If you're not using a PCIe switch like I am, you don't need to add any of that, except maybe the kernel change for Coral TPUs. And if you're not using a switch (or you have one PCIe Gen 3-rated), you should also try dtparam=pciex1_gen=3 to almost double your bandwidth.

Anyway, once I did all that, I could also use the Hailo for inference, though examples of how to use multiple Hailo's are not easy to find yet. I know the topology of the Hailo-8 Century is very similar to what I've built... just a little less janky. It would be interesting to see full support for multi-NPU setups like this from more software.

EBV Elektronik even demoed running 4x Raspberry Pi cameras through 4 separate Hailo-8 NPUs on a Seaberry board a couple years ago.

With the Hailo-8L available at a more attractive price ($70 in the AI Kit, at least), it's not unreasonable to expect people to hack together systems with multiple NPUs like this. Maybe not 12, though.

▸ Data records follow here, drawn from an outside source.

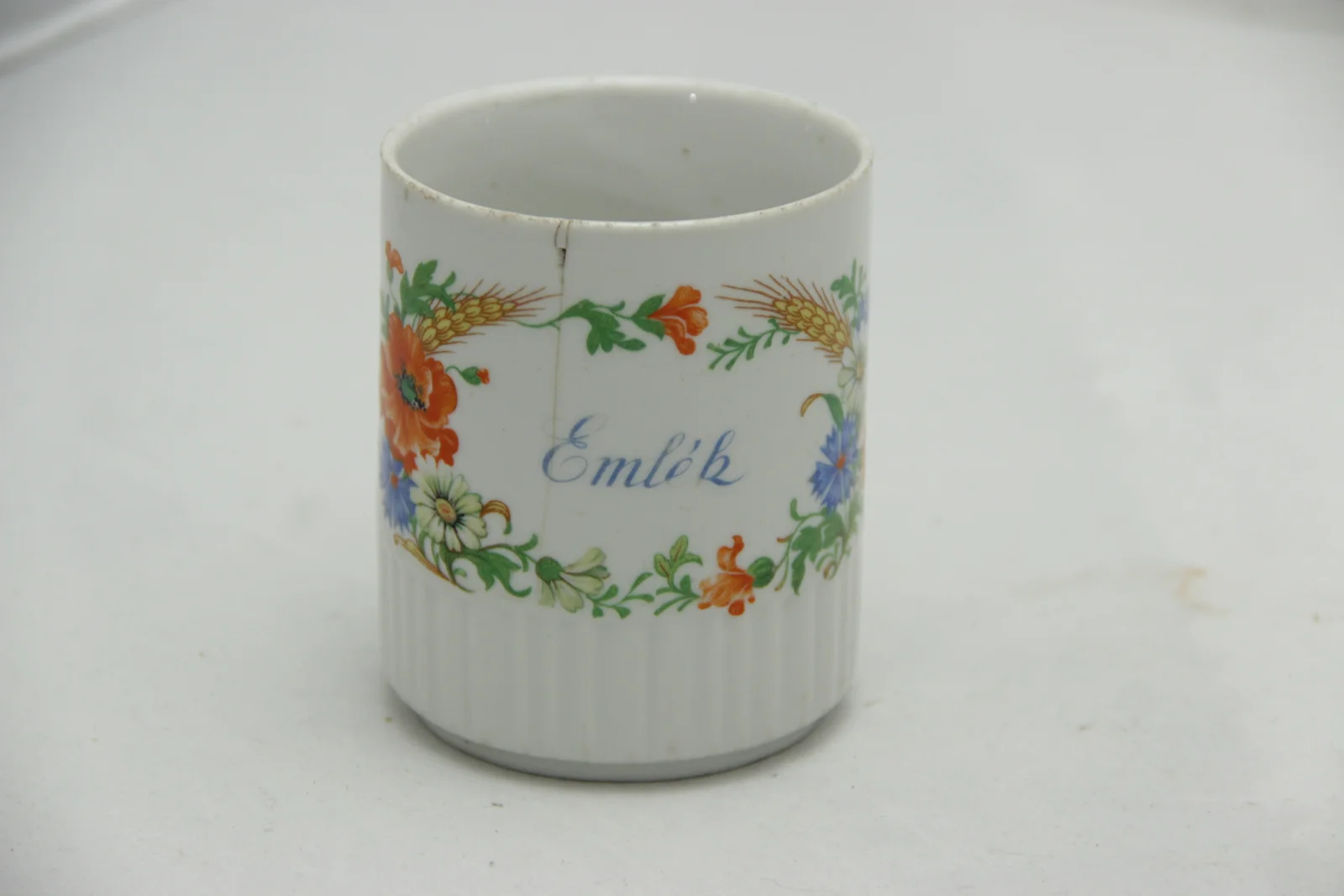 Leírás: Mintája: "Emlék" felirat vadvirág-koszorúba foglalva. Füle letört. Fenékjegye: "30 ZSOLNAY PÉCS"
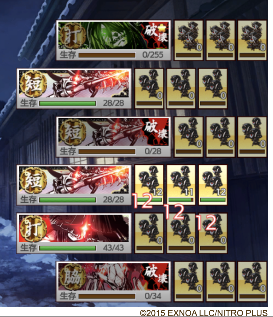 - Lv30代の極短刀の場合は敗北する場合あり(交代用の部隊を控えておこう)
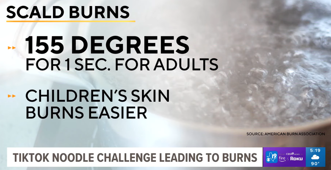 由于许多儿童在没有成人监护的情况下尝试使用微波炉加热泡面,导致了多起严重的烫伤事件。美国烧伤协会等专业医疗机构为此发布了公共安全警示,一些儿童医院报告称每周会接诊两到三名因此而烫伤的儿童。芝加哥大学的一项研究也指出,速食泡面是导致儿童烫伤入院的最常见原因之一。

I have a video where I go into more detail on my 2nd channel, Level2Jeff:

There are still many caveats, which mean I can't just say "this setup is faster than a Copilot+ PC that has 40 TOPS":

  • Software support for uniting multiple NPUs is a bit lacking. Some things can support it, but it's not as easy as one big accelerator.
  • Hailo hasn't stated exactly how much RAM they have on-chip—but it's probably not that much, limiting the use to smaller models.
  • The Pi's PCIe Gen 2 bus can be uprated to Gen 3 (and in my experience works great at this speed)... but most PCIe switches that aren't extremely expensive are still Gen 2, so you are a bit bandwidth-constrained with this setup.

Comments

Over in a comment on that LinkedIn post I mention above, Gianluca Filippini mentioned it isn't that bad using multiple Hailo NPUs:

HailoRT (and Tappas) provides a scheduler (RoundRobin) to handle multiple data pipelines using the same device. The example from github TAPPAS/multistream-multidevice shows how to use the scheduler on multiple hailo to handle different flows. As you can see this is all "data parallel" mode. AFAIK a "model split" across multiple device is still something more manual to be implemented via HailoRT API.

Jeff,
Keep doing the ridiculous things. It's interesting to watch, and also learn.
I want to be able to use a TPU, or and NPU, and be able to use an SSD; single use OCI appears to be the only flaw of the Raspberry PCI HAT. Running Linux from a micro SSD even with the additional data lane, or three,as the system disk is ridiculous.

Talking about ridiculous stuff, Dustin Sandlin of Smarter Every Day did something that was absolutely ridiculous, but also entertaining: fire two rifles at each other to get the bullets hit each in mid air; which they succeeded. It was also entertaining to see the Cicadas make their buzzing sound in slo-mo.

I'm keenly waiting for a video and/or article about hybrid clusters...

Hey Jeff, any idea if you'll be working to see if these NPUs work with Windows CoPilot? Would be cool to add NPU capabilities to a custom built PCs instead of just on laptops as it currently is to my current understanding.

I don't know yet—right now I'm trying to get my hands on one of Qualcomm's boxes so I can have the 'premium' Windows on Arm device to test with. Then I may fire up my Ampere workstation with Windows 11 again and see what I can do with some PCIe devices.